People who drive cars as their main form of transport are, on average, more than 8lbs heavier than those who cycle, an ongoing European study has found.
Researchers have been monitoring 11,000 people in seven cities throughout Europe, including London, Barcelona, Antwerp and Vienna. The participants have been asked about the mode of transport they use to move around their city and how much time they spend travelling.
They have also had their height and weight measured and been asked about their attitudes to cycling and walking.
An analysis of the data so far has revealed that people who drive cars as their main form of transport are, on average, 8.8lbs (four kilograms) heavier than their cycling counterparts.
The researchers acknowledged that they cannot definitely say that the mode of transport is the cause of this increased weight in some people, however, they plan to monitor up to 14,000 people in an attempt to draw firmer conclusions.
"People who are physically inactive are at higher risk of developing chronic diseases, such as cancer, stroke and heart attacks, as well as becoming overweight.

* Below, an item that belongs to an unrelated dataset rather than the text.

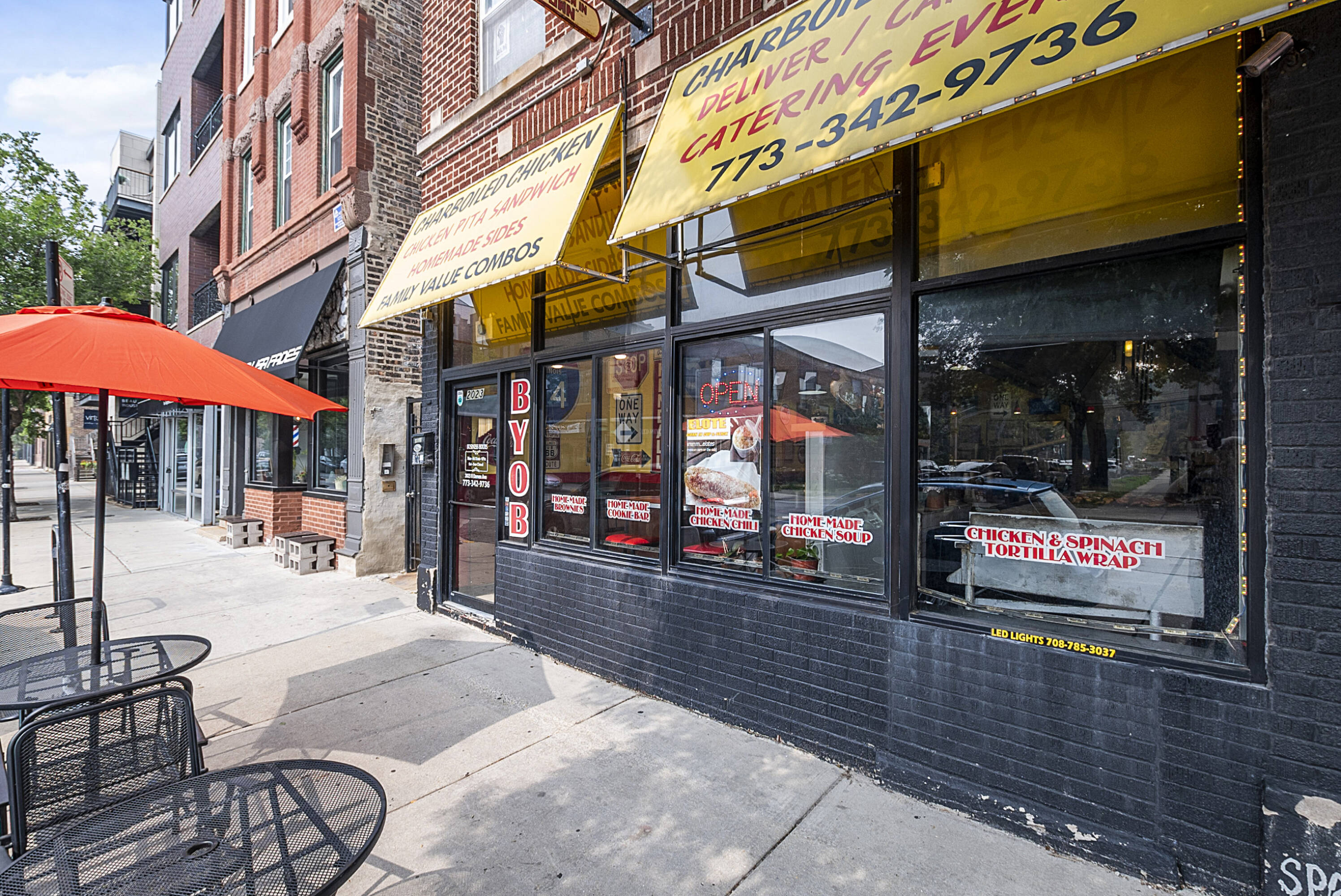 Prime commercial space in Bucktown with black iron and parking.

"Our research shows that factors like urban design, how we move in cities, and the use of cars, bikes or walking could all play an important role in determining the level of people's daily physical activity," they said.
They believe that getting people to walk and cycle more on a daily basis ‘is really an ideal solution to try to tackle this epidemic of physical inactivity'.
The study, Physical Activity through Sustainable Transport Approaches (PASTA), is funded by the EU.